Rupee keeps falling as demand for dollars increases.
In the interbank market on Wednesday, the Pakistani rupee kept losing value versus the US dollar as local currency pressure from rising dollar demand persisted.
According to information provided by the State Bank of Pakistan, the local currency rose from yesterday’s close of 221.42 to 223.42 after falling 2 or 0.90% versus the dollar in the interbank market (SBP).
Although traders and dealers had anticipated the rupee to trade within a range of 218-19 in the coming days, the situation has quickly changed as the floods have overshadowed the International Monetary Fund’s (IMF) loan disbursement. The rupee’s depreciation follows a fluctuation in the demand and supply position of the greenback in the currency market.
Initial estimates place the economic damage caused by the severe floods in Pakistan at a staggering $10 to $12.5 billion, and the government also intends to drastically reduce the Public Sector Development Program (PSDP).
The local currency was generally stable last week as the market exhaled in relief at the arrival of a $1.16 billion loan tranche following the IMF’s decision to resurrect a rescue package for a cash-strapped nation.
Dr. Khaqan Hassan Najeeb, an economist and former adviser to the federal ministry of finance, stated in an interview with tv that the markets found solace in the fact that Pakistan’s programme with the IMF had resumed following the completion of the seventh and eighth reviews.

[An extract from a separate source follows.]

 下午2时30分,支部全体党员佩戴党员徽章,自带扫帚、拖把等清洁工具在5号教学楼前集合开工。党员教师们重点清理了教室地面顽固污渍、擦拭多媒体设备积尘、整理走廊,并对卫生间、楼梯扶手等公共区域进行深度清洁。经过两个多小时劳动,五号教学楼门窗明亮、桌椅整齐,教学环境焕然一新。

He observed that the program’s restart did allay concerns about a scenario that would be difficult to handle in the near future and gave rise to hope for unlocking money from other multilateral lenders and friendly nations.

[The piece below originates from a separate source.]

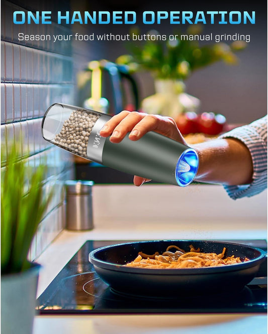 XinXu Gravity Automatic Electric Pepper and Salt Grinder, Auto Salt or Pepper Mill Shaker Stainless Steel,Blue LED Light,One Hand Operated, LightGrey

The biggest flood to hit the economy in decades, he pointed out, forced the government to cut growth in half, to 2.3%, and hurt the economy.According to Najeeb, the damage to the cotton and rice harvests caused by the floods may reduce exports that had been projected to total roughly $36 billion and widen the current account deficit.
Other analysts brought up the same issue and predicted that the rupee would see some pressure as Pakistan moved to purchase more necessities following the floods in the nation.Other factors contributing to the rupee’s depreciation, according to Najeeb, include political unpredictability, a decline in trust, higher foreign exchange requirements (due to flood-related expenses, a backlog of letters of credit payments, and increased Afghan trade), and slower inflows.
The economist also pointed out that more orderly movement is required to prevent remittances from passing through unofficial routes in the vicinity of Rs 10 between the open market and interbank.There is currently more than Rs11 between open market and interbank rates, which is a significant discrepancy.